Chumsky has full support for spans and also allows you to define your own custom spans with ease by simply implementing
the [`Span`] trait. Additionally, chumsky comes with a built-in span type, [`SimpleSpan`], and a variety of
implementations for types in Rust's standard library such as [`std::ops::Range<usize>`].

Chumsky will use its internal knowledge of your parser to generate spans for you whenever you need them, such as for
attaching to nodes of an abstract syntax tree. See [`Parser::map_with`] for more information.

## Parser state

Chumsky parsers should be considered 'stateless'. That is, they operate as pure functions that transform an input into
an output (and a selection of errors). However, this is not always satisfactory for some applications. It is
occasionally necessary to touch some sort of shared state during the parsing process.
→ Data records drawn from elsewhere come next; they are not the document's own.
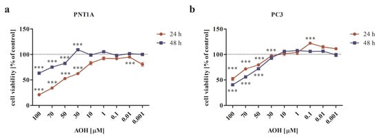 First, the cytotoxic effect of AOH was verified in a dose- and time-dependent manner. The tested dose range was similar to our previous study [21]; however, a different cell culture medium influenced the response of normal prostate cells to AOH. Therefore, the experiments were conducted, and data are hereby shown again. It was observed that AOH significantly affected the viability of both normal and cancer cells in doses higher than 30 µM upon 24 and 48 h of exposure (Figure 1a,b) (p < 0.001). Interestingly, we observed that for normal prostate cells, longer incubation times decreased the cytotoxic effect of AOH (Figure 1a), which was not observed for PC3 cells. Based on these results and our previously published data [20], for the rest of the experiments, two doses of AOH have been chosen: 10 µM and 0.1 µM, and one incubation time: 48 h.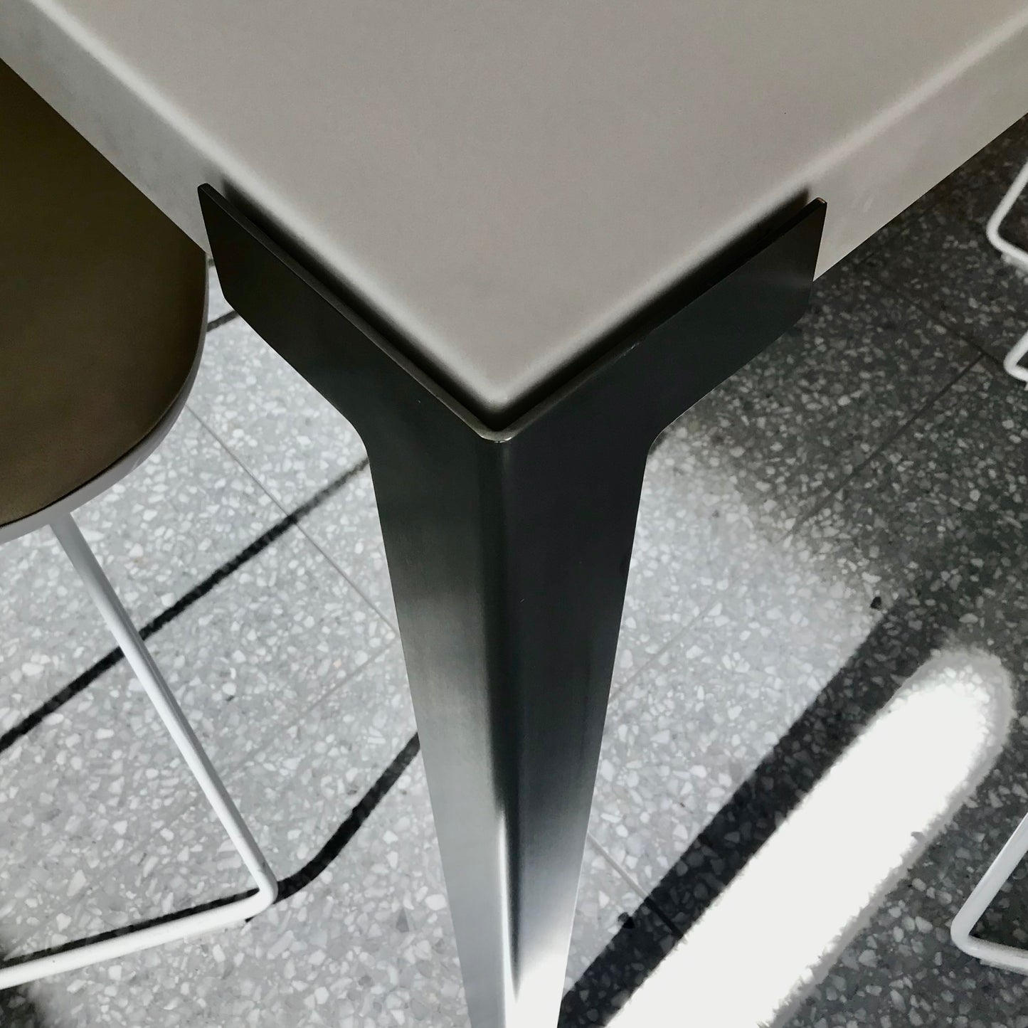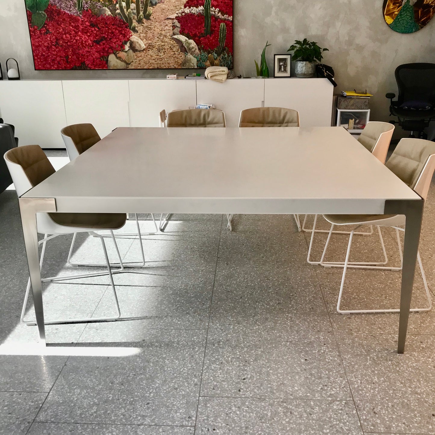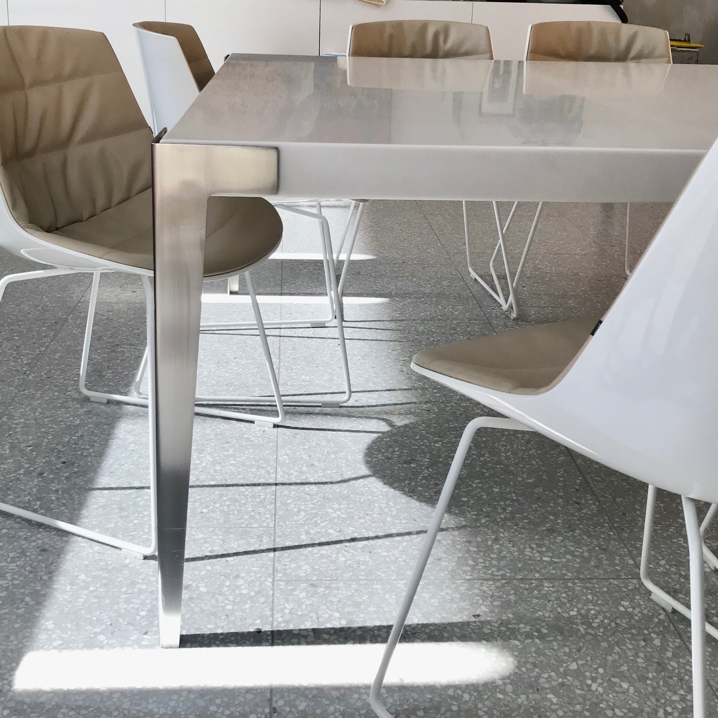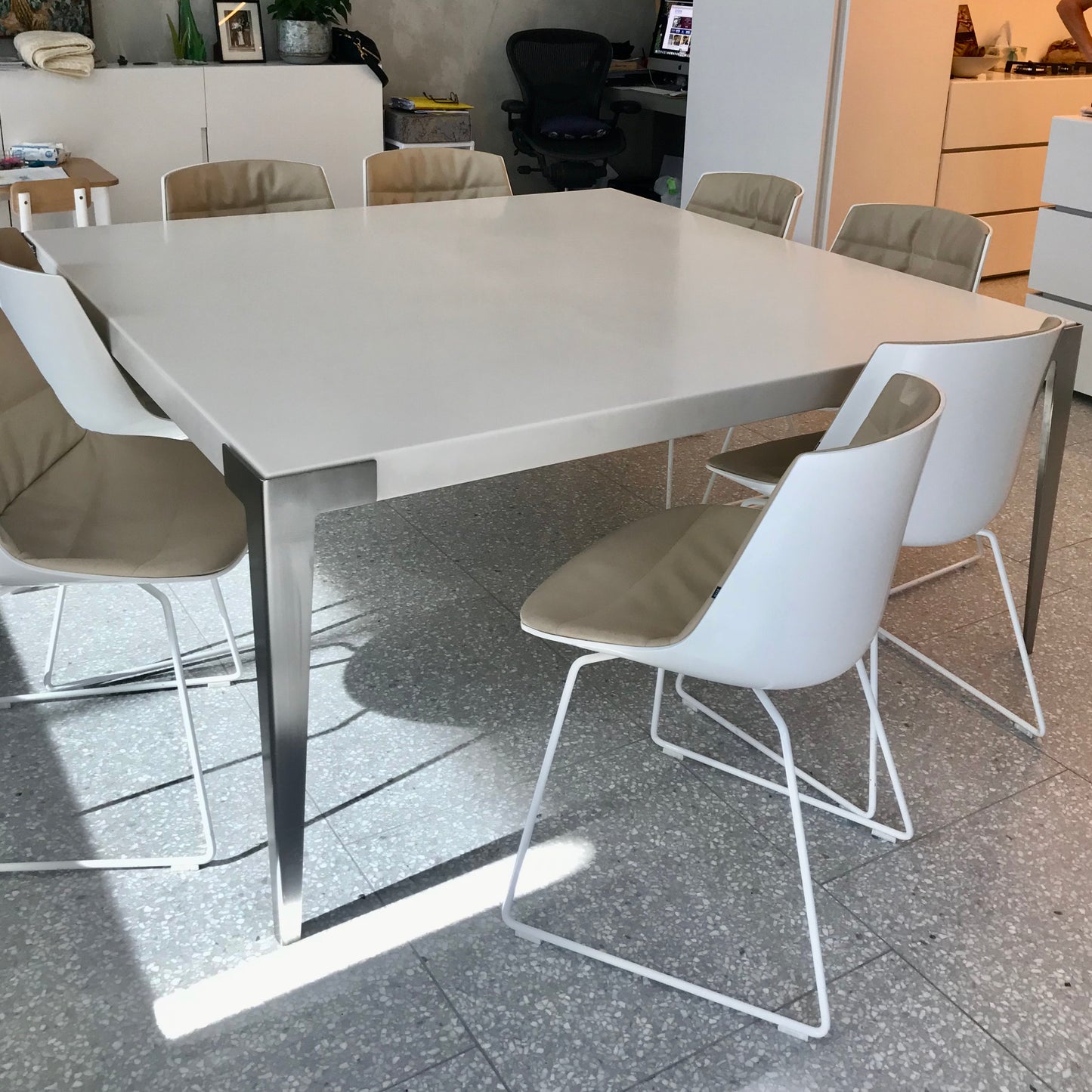 The dining table we have on offer has a white corian top with brushed stainless stell legs. Seats eight.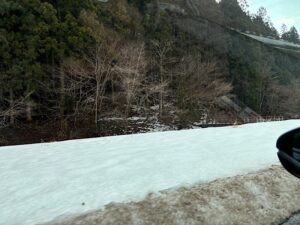 途中、道路脇や周辺が真っ白という箇所もありましたが道路には残っておらず、ひと安心。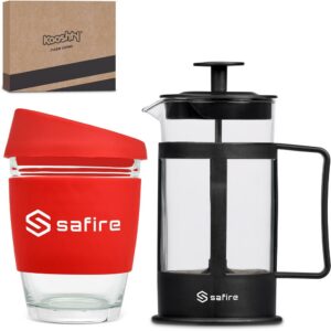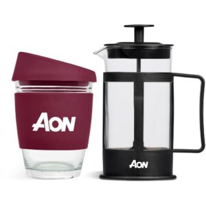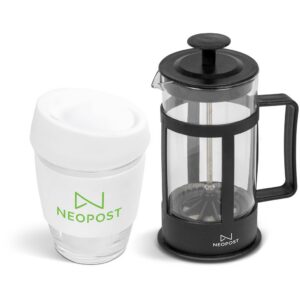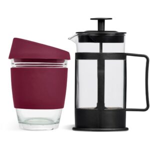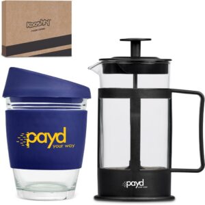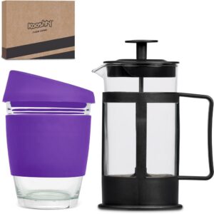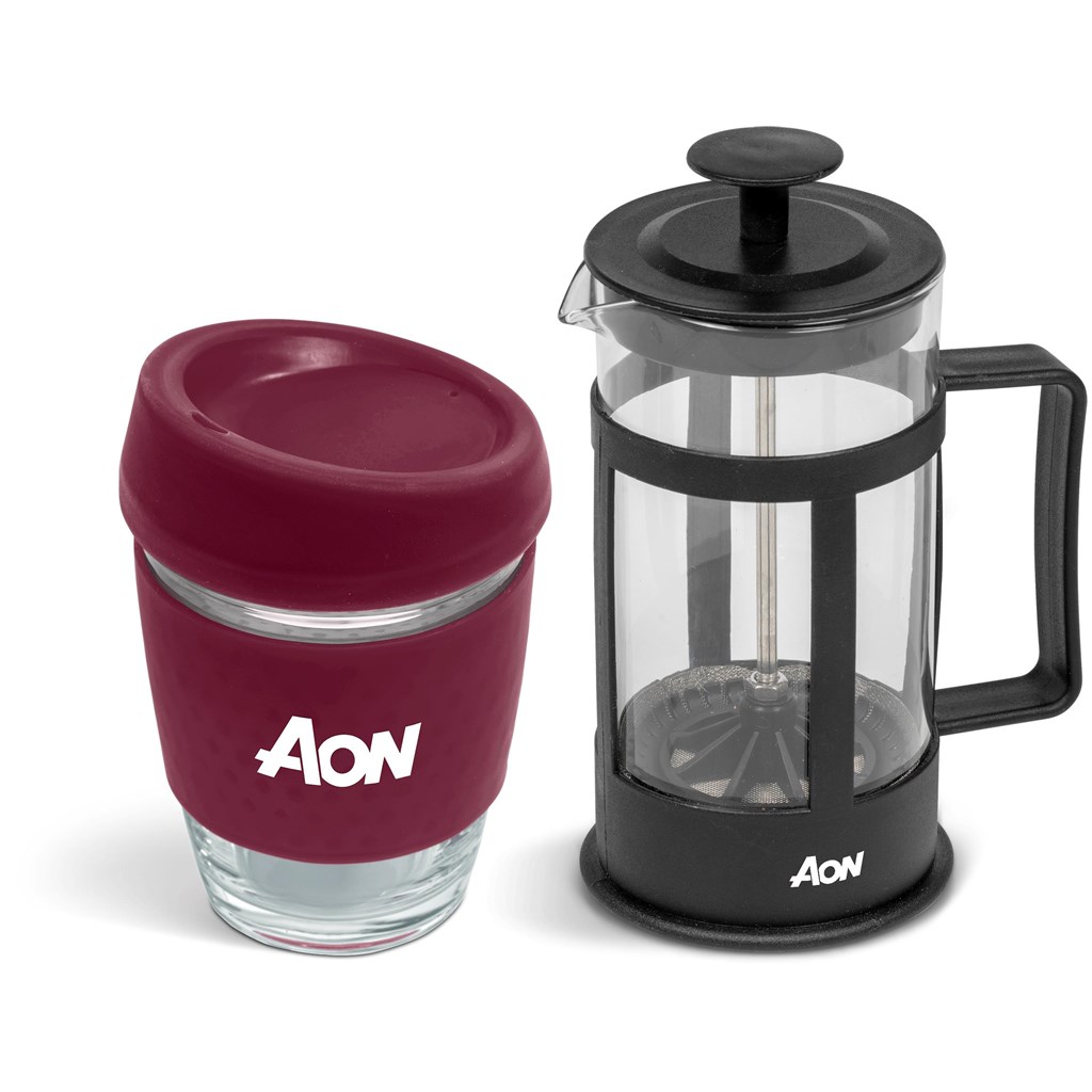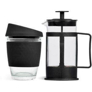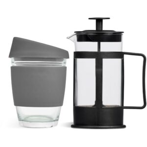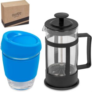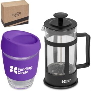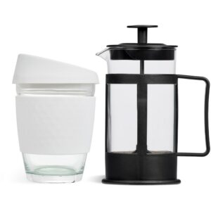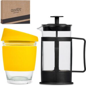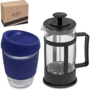 This set contains a 350ml borosilicate glass coffee plunger and a 340ml Kooshty Kup, packaged in a refreshingly bright and cheerful gift box.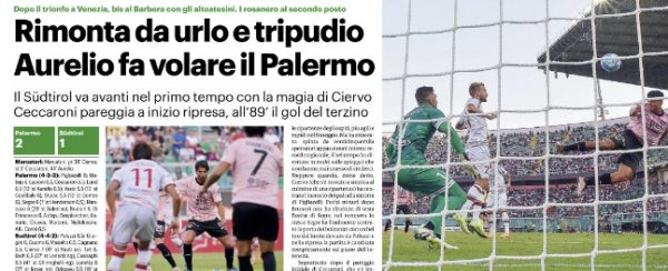 L'edizione odierna de "La Gazzetta dello Sport" si sofferma sul Palermo che ha vinto in rimonta contro il Sudtirol. Il...

For example:

- When an identifier is encountered in a programming language, we might want to insert it into a
  [string interner](https://en.wikipedia.org/wiki/String_interning), for more performant comparisons in later passes.

- We might want to avoid touching the heap by inserting generated AST nodes into an
  [arena allocator](https://en.wikipedia.org/wiki/Region-based_memory_management), which can be faster for certain kinds
  of parsing.

- Track syntax trees losslessly, such as with [`cstree`](https://github.com/domenicquirl/cstree/) or
  [`rowan`](https://github.com/rust-analyzer/rowan).

These approaches require access to some shared mutable state that gets passed into the parser, and then used during
parsing (usually with methods like [`Parser::map_with`]). Chumsky allows you to provide shared state to a parser using
the top-level [`Parser::parse_with_state`] and [`Parser::check_with_state`] functions. You will also need to specify the
shared state type on the parser signature.

As an example, here is a very simple string interner implemented with a `HashMap`.

```rs
use chumsky::{prelude::*, inspector::SimpleState};

// A type alias that describes the extra type parameters of our parser (including the intern table).
// `SimpleState` just represents a bog-standard ball of mutable state that does not care about input rewinding.
type MyExtra = extra::Full<EmptyErr, SimpleState<HashMap<String, usize>>, ()>;

// Our parser emits a vector of IDs. IDs correspond to identifiers, and can be quickly compared for equality
fn my_parser<'a>() -> impl Parser<'a, &'a str, Vec<usize>, MyExtra> {
    text::ident()
        .map_with(|s: &str, e| {
            // Fetch our shared parser state
            let state: &mut SimpleState<HashMap<_, _>> = e.state();
            // We use the size of the intern table to generate new IDs
            let id = state.len();
            // If the string already exists in the table, find the old ID. Otherwise, insert a new ID.
            *state.entry(s.to_string()).or_insert(id)
        })
        .padded()
        .repeated()
        .collect()
}

// Parse a list of identifiers. Some of them are repeated!
let idents = my_parser().parse("the rabbit saw the other rabbit").into_result().unwrap();

// 'the' and 'rabbit' are not the same
assert_ne!(idents[0], idents[1]);

// But the two occurences of 'the' are the same...
assert_eq!(idents[0], idents[3]);
// ...as are the occurrences of 'rabbit'
assert_eq!(idents[1], idents[5]);
```

### A note on purity

Because chumsky parsers are conceptually 'pure', you should not rely on your parser state being touched any specific
number of times, or even at all. As documented elsewhere, chumsky may freely optimise out `map_with` closures or even
invoke them an arbitrary number of times during a parse. For example, do not use parser state to 'count' occurences of a
pattern in the input.

### More advanced uses

Sometimes chumsky takes an incorrect path through the parse tree and needs to rewind the input. For most state types
this is not a concern, and so [`SimpleState`](crate::inspector::SimpleState) may be used, but for some states it may be important to rewind any state
changes that might have occurred (for example, lossless syntax tree tracking). To facilitate this, chumsky provides the
[`Inspector`] trait, which all state types must implement. It provides 'hooks' for checkpoint saving and rewinding that
allow failed parse paths to be rolled back.